Free wi-fi is excellent. This summer, there are 58 lodges, with a further 19 coming for the start of 2022. All are a stroll away from reception in Milk Wood House.
Facilities
You’d have to go far to find a more inspirational swimming pool. The glass walls, two storeys high, enjoy the same panorama as the lodges, but from closer to sea level – and with the pool’s infinity construction, meaning that the water seems to pour into the scenery. Much of the interior is slate grey, reflecting the slate of the cliff outside. A sauna and steam room both have glass fronts with views.
And an adjoining hydrotherapy pool in the same slate finish, open-air but undercover, lets one laze on a chrome underwater sofa and enjoy the setting.
The spa offers a range of massages and treatments, including organic seaweed therapies, in two elegant rooms, soothing and with no view to distract, but pedicures and manicures occur in a spot on the other side of a glass wall from the great outdoors.
Food and Drink
The Milk Wood Bar & Kitchen, on Milk Wood House’s first floor, is glass-walled, with an airy interior and plenty of outdoor seating on three terraces. By day there are salads, sandwiches and cakes. Come evening and dishes include pan-fried hake that sits in a cockle broth, a nod to the estuary’s historic cockle beds, but there’s steak, burger and fish and chips as well, along with a hand-crafted selection from the wood-fired pizza oven. The bar serves everything from cocktails to local beer.
A couple of minutes’ walk outside the gate is Brown’s Hotel, a historic spot where Dylan Thomas liked to drink.
How much
Four nights in a two-bedroom lodge, sleeping four, starts at £1,150 – luxurylodges.com
What’s Nearby?
A path runs down from Milk Wood House to the waterside where the Wales Coast Path, which stretches 870 miles, passes by.

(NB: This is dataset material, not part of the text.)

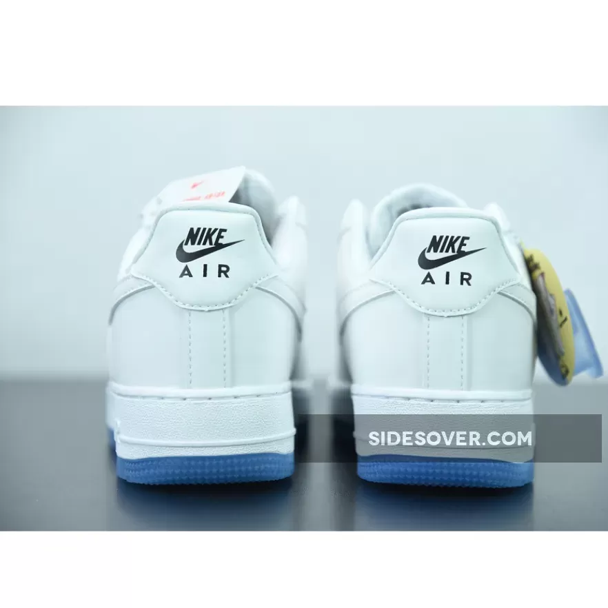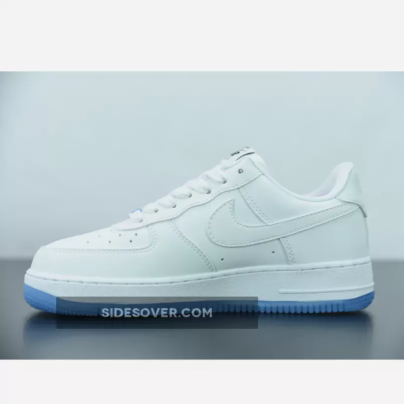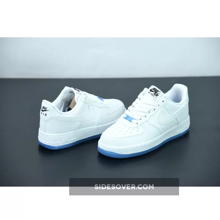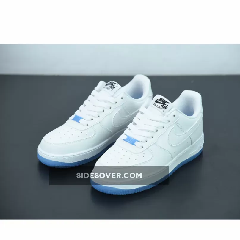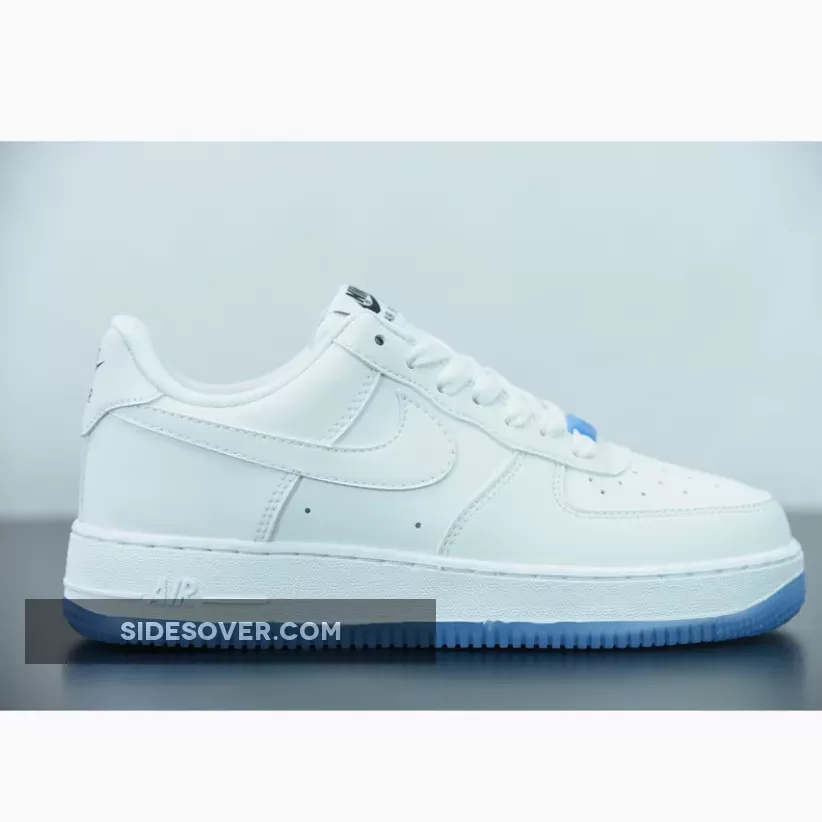 Dressed in a White, University Blue, and Black color scheme. This Nike Air Force 1 features an all-White leather UV-treated upper that changes colors when exposed to heat/sunlight. The only areas that remain the same are the liners, tongues, laces, midsole, and Blue translucent lace dubraes and outsole.

Go left, and it potters through Milk Wood, so-called for its snowdrop carpet, although bluebells, wild garlic and other flowers continue towards summer. Continue over the hill to the cemetery where a painted wooden cross stands at Thomas’s resting place, then circle back by another hillside path to the resort’s front gate.
Go the other way along the Coast Path, and in a couple of minutes, you pass the Dylan Thomas Boathouse, the house where he lived from 1949 to 1953 (and worked on, it’s believed, Under Milk Wood).
A few minutes later, you’re outside Laugharne’s Norman castle and facing the town’s marshy seafront.
A drive away (or five miles by the Coast Path) are seven-mile Pendine Sands where, in the 1920s, Malcolm Campbell set two Bluebird land speed records, the second reaching 206mph. Next to the cafes and ice-cream shops, a dramatic Museum of Speed is rising, although lockdown has slowed things considerably.
Just across the Pembrokeshire border are the bigger beach towns of Saundersfoot (try parking at Amroth and taking the five-mile return coast walk) and Tenby, while the town of Carmarthen is in easy reach.